Andreas Rees , Deutschland-Chefvolkswirt Unicredit: "Das ist ein guter Tag für die Euro-Zone. Sie erhält jetzt einen zweiten wichtiger Stützpfeiler in ihrer Architektur – mit dem ESM und Fiskalpakt auf der einen Seite sowie den EZB-Anleihenkäufen auf der anderen Seite. Diese beiden Stützen werden die Finanzmärkte beruhigen. Viele Krisenländer erhalten jetzt Zeit, um ihre Reformen voranzubringen. Damit befindet sich die Währungsunion auf einem guten Weg.

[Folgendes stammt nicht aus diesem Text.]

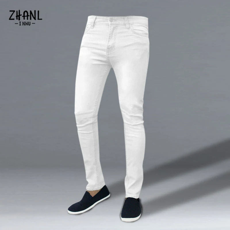 Новинка 2021, серые, синие, черные джинсовые мужские брюки, повседневные облегающие джинсовые брюки, модная одежда, распродажа, мужские джинсовые брюки
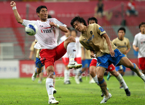 18일 오후 부산아시아드주경기장에서 열린 FA컵 8강전 부산 아이파크와 인천 유나이티드의 경기에서 부산 정성훈과 인천 안재준이 리바운드하기 위해 안간힘을 쓰고 있다.

Der ist zwar noch lang und steinig, aber er wird sich mittelfristig bezahlt machen.“

Jörg Krämer , Commerzbank-Chefvolkswirt: "Der ESM kann an den Start gehen. Die EZB wird im großem Stil Staatsanleihen kaufen. Wir bekommen eine Haftungsunion, die den Charakter der Währungsunion ändern wird – hin zu einer italienisch geprägten Währungsunion. Sie wird Parallelen aufweisen zum Italien der siebziger Jahre."